Hsieh emphasizes the importance of addressing these challenges from a generosity of spirit. She believes that recognizing teachers as humans underscores the significance of this endeavor. In her work, joy is a central theme, drawing inspiration from her daughter's infectious enthusiasm for life. “My daughter is an amazing teacher. She is almost nine and just so full of life. She prioritizes joy, playing with her friends, and expresses herself fully. She’ll ask me ‘Do you want to do mad libs with me?’ ‘Do you want to look at dogs together?’ She’s been such a gift,” Hsieh shares.

As a professor, Hsieh infuses joy into her practice by modeling humanity in her approach to education. At the 2024 American Educational Research Association (AERA) annual meeting in Philadelphia, she shared an activity co-designed with former colleagues to highlight “dark funds of knowledge,” focusing on hidden cultural home knowledge that students bring into the classroom. She encourages educators and students to draw from their personal experiences and histories, challenging the notion of deficits and embracing cultural care as a fundamental principle.  That can include making every class start with a check-in activity to acknowledge that everyone present is human first.  

“I draw from my life, my racial and linguistic identity. I talk to educators and students about cultural care and share stories about how my mom showed her love through food. I also share how I navigate grief and how personal traumas have helped me be a more empathetic person,” she says.

By sharing stories about her racial and linguistic identity, navigating grief and personal traumas, she fosters empathy and understanding among educators and students.

Charting a path forward

As the Endowed Professor of Teacher Education and Teacher Learning for Justice, Hsieh is at the forefront of transforming teacher education at the UW College of Education.  Central to her vision is the transformation of the Ed.D. in Teacher Education and Teacher Learning for Justice, a program designed to empower future leaders and researchers in reshaping educational systems. Through community partnerships, research, teaching, and community-based design work, the program aims to cultivate justice learning from diverse perspectives.
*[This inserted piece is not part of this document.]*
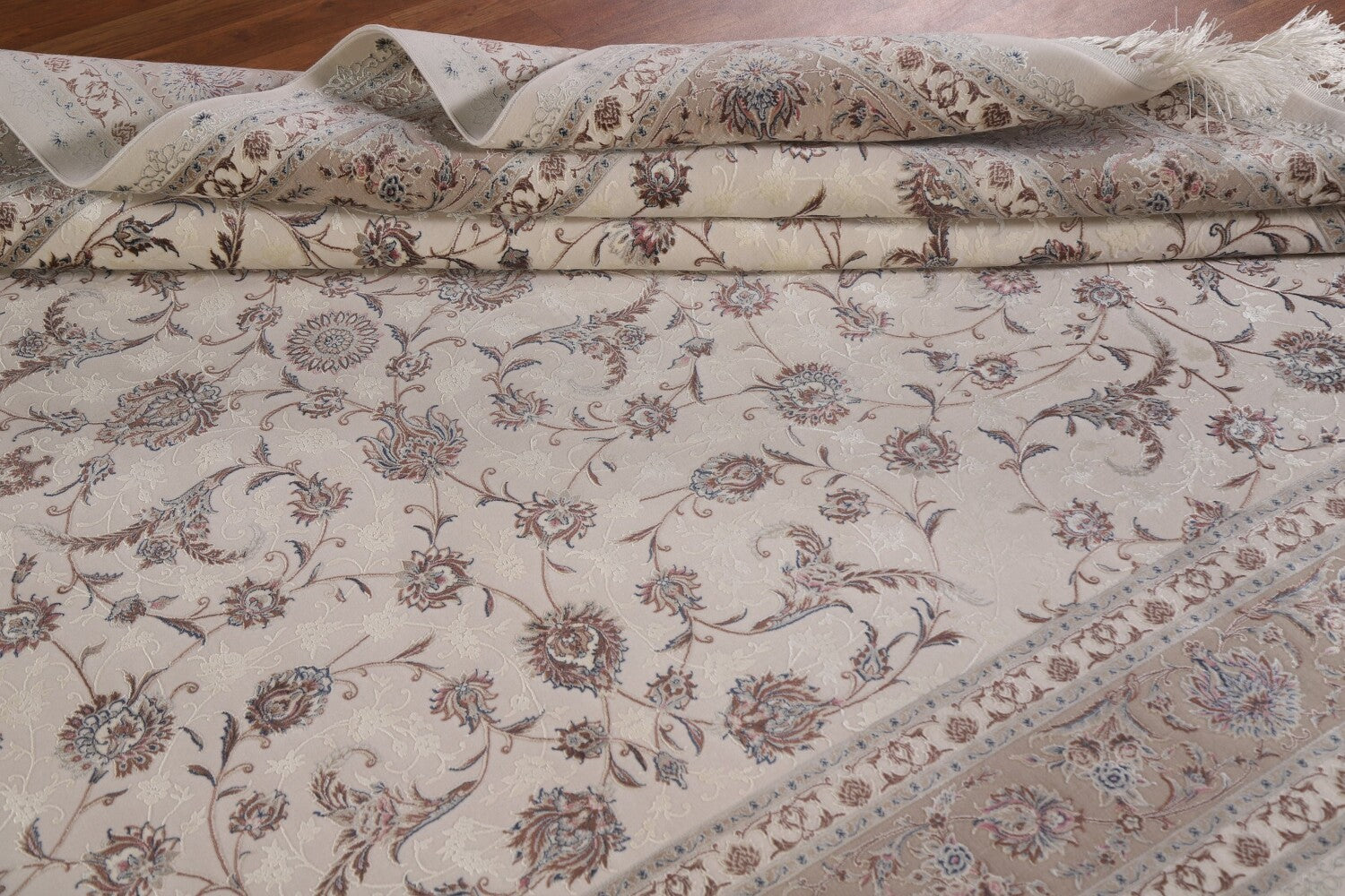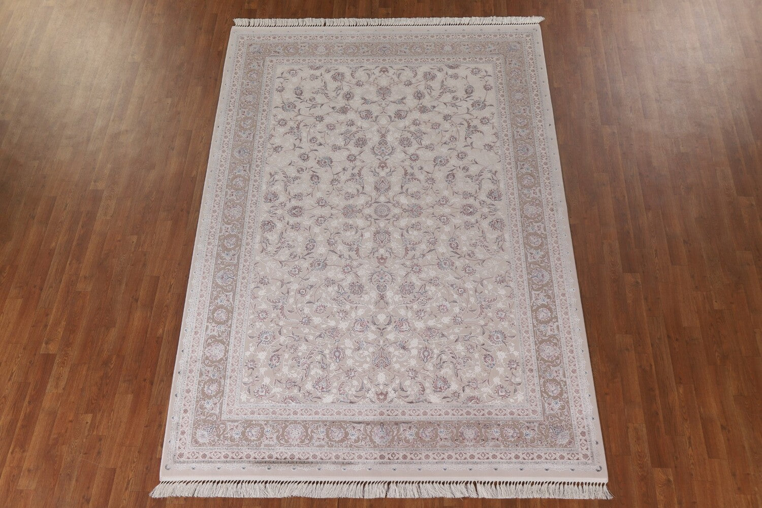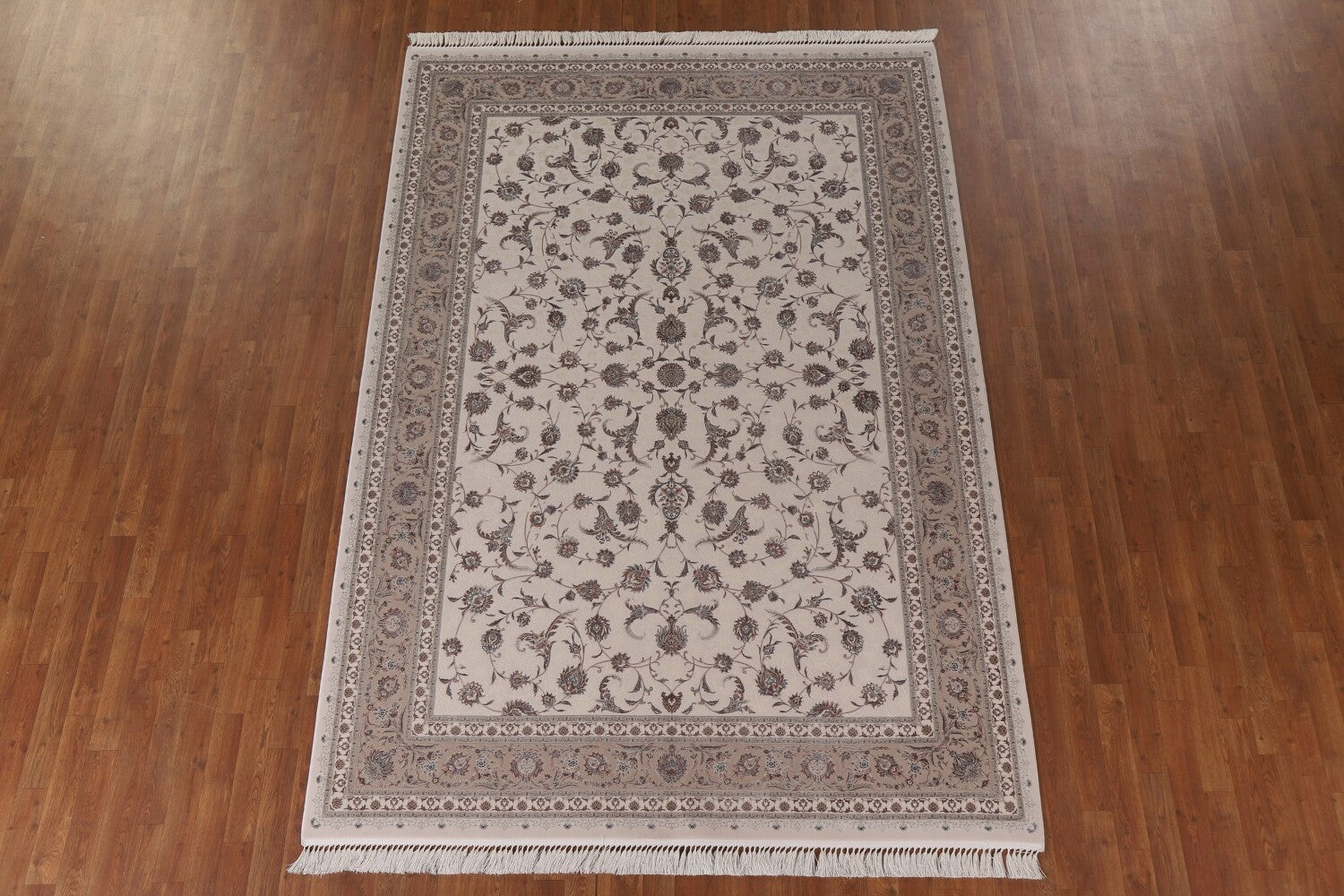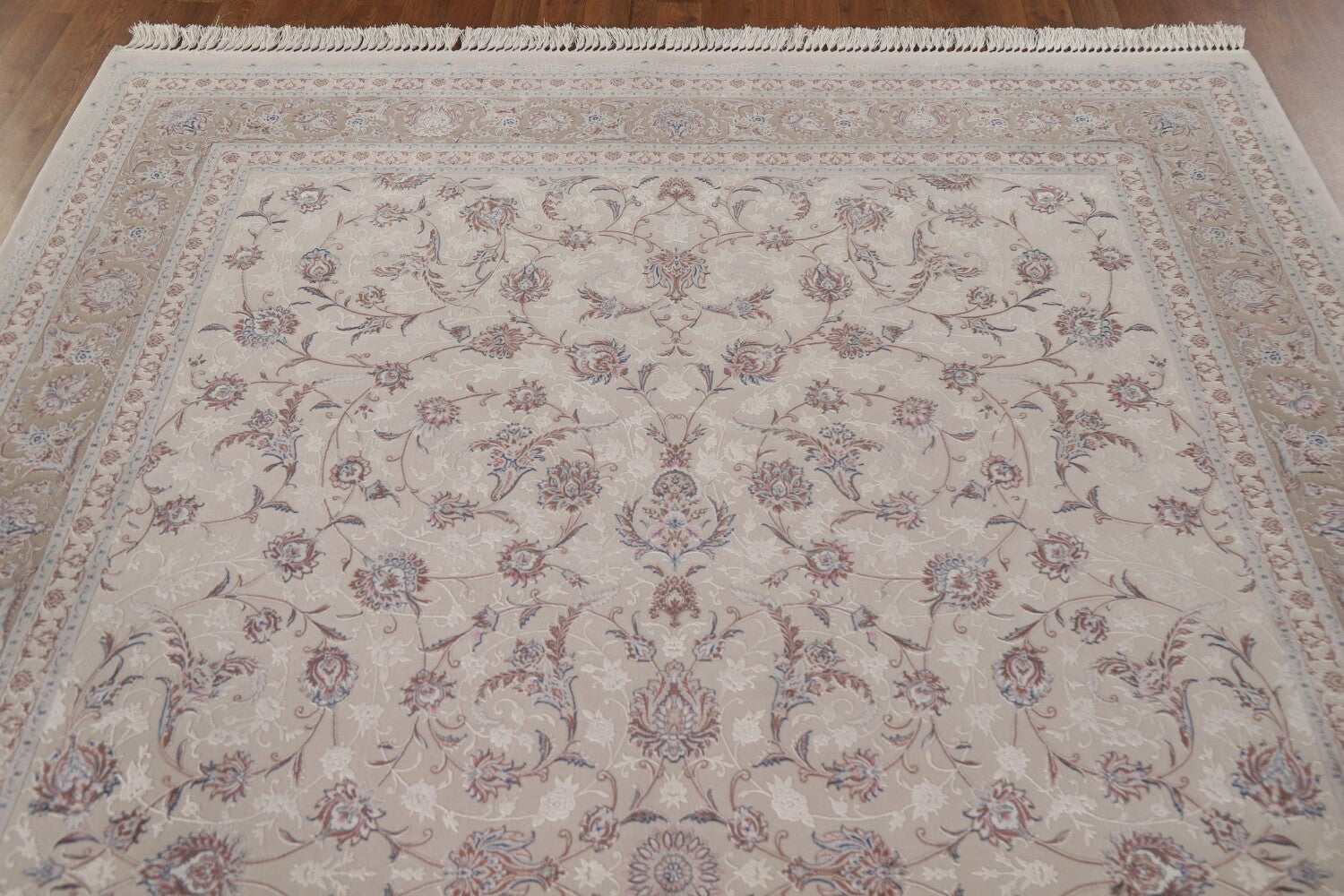 A Beautiful Genuine Turkey Tabriz rug is Machine Made by skillful weavers in Turkey with 90% Silk - 10% Polyester Material. This rug is in condition. dimensions are 9' 7'' X 6' 7'' in foot and 292 X 201 in centimeter. the primary color is Beige & Ivories.

Hsieh is exploring transitioning the current Ed.D. structure to a Doctor of Practice degree, aligning it more closely with theory-informed praxis and innovative educator leadership, particularly in curriculum and instruction.  

Dr. Hsieh presenting her work at the 2024 AERA conference in Philadelphia.

In conjunction with this initiative, Hsieh plans to introduce a “Homecoming/ Back to School” event in the fall. The aim is to foster a strong professional community among the alumni, providing networking opportunities and gathering feedback for program enhancement, ensuring continued responsiveness to educators' needs and promoting justice and equity in education “I’m very excited. I want our educators to know [they] always have a home at the UW,” she shares.  

Through her advocacy for teachers' well-being and her commitment to inclusive justice-centered education, Hsieh is reshaping the landscape of teacher education. Her research offers practical solutions, fostering a compassionate and effective education system, amplifying marginalized voices, and promoting authentic inclusion, laying the foundation for a future where all educators feel valued and empowered to make a difference.

As Hsieh continues her journey as a leading figure in teacher education, her work will undoubtedly leave a lasting impact on the field, inspiring future generations of educators to prioritize belonging, joy and humanity in their practice.